Command Line Process Auditing adds additional information to event ID 4688 events (a new process has been created) showing the full audit information for command line processes.

If we take this example, without command line process auditing enabled, the 'Process Command Line' field, highlighted in red, is not available. We will still see the process name of 'C:\Windows\System32\wscript.exe' but not the detail of any command line arguments run with it.

Command line process auditing is an extremely valuable piece of information that can be used to determine whether processes run are legitimate or malicious.

This is especially relevant with adversaries living off the land using legitimate tools maliciously. For instance, Impacket can use WmiPrvSE.exe to spawn cmd.exe processes, but so can legitimate applications. However, Impacket also has a very distinct command line syntax that is only exposed once auditing is enabled.

You can enable command line process auditing via group policy. Like any changes, it should be tested before being deployed widely.

You can also enable it via Intune

Yes! Although it would be best to send logging data to a SIEM, it isn't a requirement. Even if you store command line process events locally on your devices it is a valuable forensic artifact. In the event of an incident, the logs can be retrieved from any devices of interest and analyzed by your incident response and forensic teams. It is recommended you configure your devices to store enough logging data locally to give you a useful amount of historical data needed during an incident.

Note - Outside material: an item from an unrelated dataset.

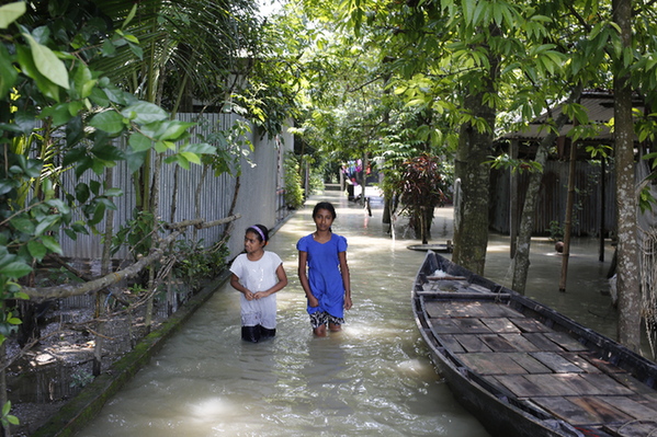 7月26日,人们在孟加拉国达卡的洪水中前行。目前南亚正值雨季,许多地区遭遇洪涝灾害。

Yes! Although process auditing is a key component of EDR products, it is still valuable to enable command line process auditing on your devices. This is important for a number of reasons:

• Threat actors are known to tamper with or disable EDR and other security tools
• Some devices may not be fully enrolled in your EDR product
• EDR products have different capabilities, which can change over time. Having auditing enabled on your devices separately gives you consistentcy to your available forensic data
• You may change your EDR product over time. Having auditing enabled on your devices separately gives you consistentcy to your available forensic data
• Some devices may be in airgapped networks or locations where the internet is not always available, so they aren't consistently sending data to your EDR
• Your EDR may have a short retention period so older data may not be available during an investigation. Configuring enough disk space for longer on disk retention may give you access to older logs. (Thank you to Ali for this point)
• EDR vendors may filter or only collect a sample of certain data in order to balance the detection capability with the performance of their product. Having auditing enabled will capture all process creation events. (Thank you to Ali for this point)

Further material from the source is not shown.